Le Samedi 17 Mai 2008 à 07h04
Du pétrole saoudien pour les automobilistes américains
Le jour même où George Bush se rendait en Arabie Saoudite dans l’optique de soulager l’économie et les consommateurs de son pays, hier, l’Arabie Saoudite annonçait avoir augmenté sa production de 300 000 barils par jour depuis le début du mois de mai. Outre-Atlantique, le prix de l'essence est devenu un enjeu majeur de la campagne présidentielle.
Hier, avant que G. Bush n’arrive en Arabie Saoudite, les cours du pétrole établissaient de nouveaux records : 126,34 dollars pour le baril de Brent londonien et 127,82 dollars pour le light sweet crude à New York.
D’après le ministre du Pétrole saoudien, Ali Al-Nouaïmi, l’augmentation de la production de pétrole de 300 000 barils par jour en mai répondait à la demande d’une cinquantaine de clients, mais essentiellement à celle des Etats-Unis. Le ministre a précisé que l’augmentation des prix du baril n’était pas principalement due à un approvisionnement suffisant mais à une conjonction de facteurs : faiblesse du dollar, spéculation sur le pétrole, etc. Quoiqu'il en soit, l’envolée du prix de l’essence provoque outre-Atlantique la grogne des automobilistes. C’est même devenu un enjeu majeur de la campagne présidentielle.
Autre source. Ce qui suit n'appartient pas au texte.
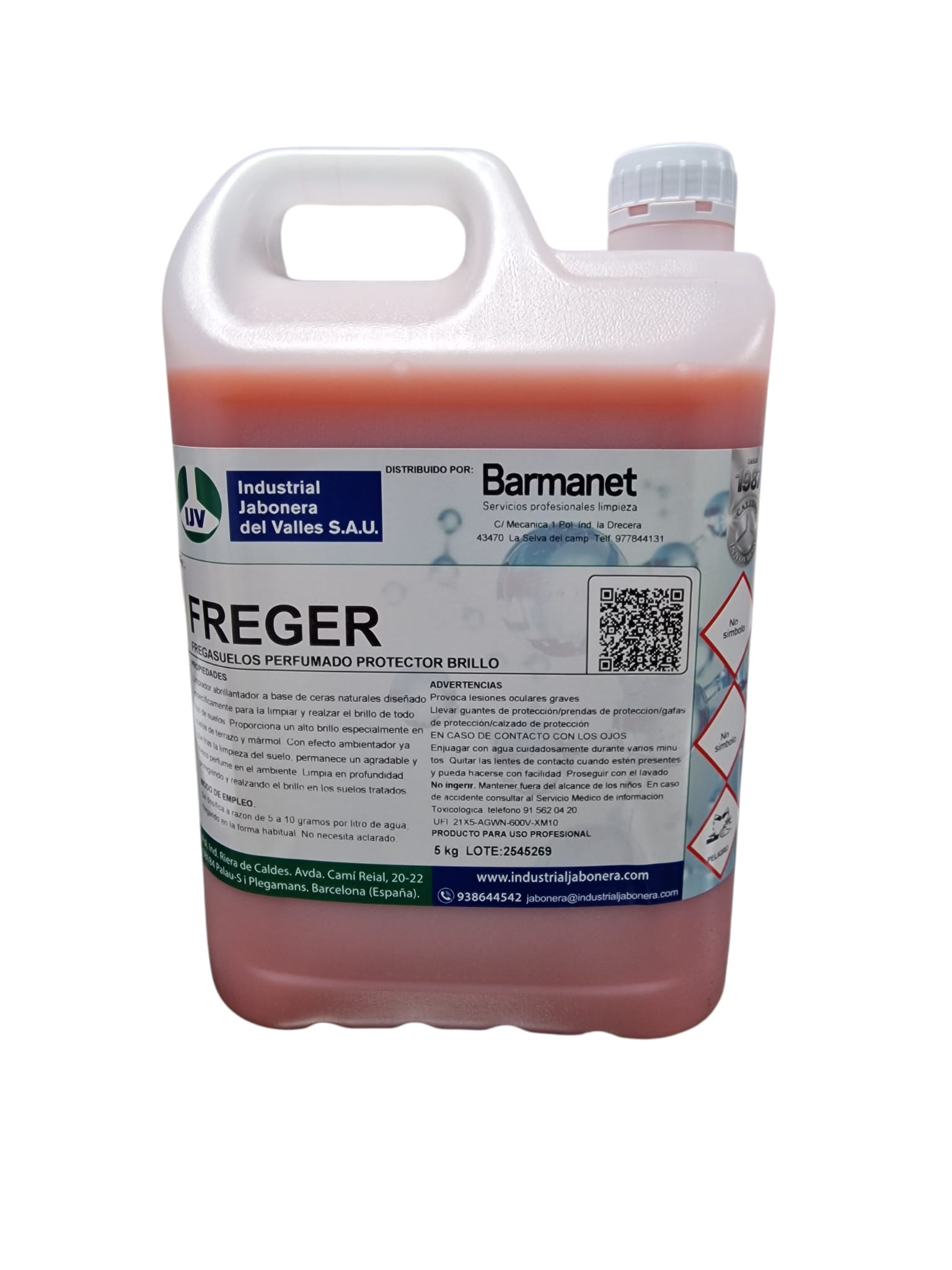 El limpiador Freger de Barmanet, es un limpiador abrillantador a base de ceras naturales diseñado específicamente para limpiar y realizar el brillo de todo tipo de suelos. Proporciona un alto brillo especialmente en suelos de terrazo y mármol. Con efecto ambientador ya que tras la limpieza del suelo, permanece un agradable y fresco perfume en el ambiente, Limpia en profundidad, protegiendo y realzando el brillo en los suelos tratados.

Après un premier refus en janvier dernier de l’Arabie Saoudite d’augmenter sa production, les experts s’attendaient à une nouvelle réponse négative du Royaume. Alors que GeorgeW Bush se préparait à partir pour Riyad, les sénateurs démocrates présentaient une résolution visant à bloquer la vente d’armes d’un montant de 1,4 milliard de dollars à l’Arabie Saoudite si cette dernière n’augmentait pas sa production. De son côté, la Maison Blanche annonçait la conclusion avec les Saoudiens d’un accord visant à renforcer la protection des infrastructures pétrolières contre les attaques terroristes. Les deux pays devraient aussi signer un mémorandum de coopération dans le nucléaire civil. Ce texte vise à préparer l’accès de l’Arabie saoudite à des sources combustibles pour réacteurs nucléaires.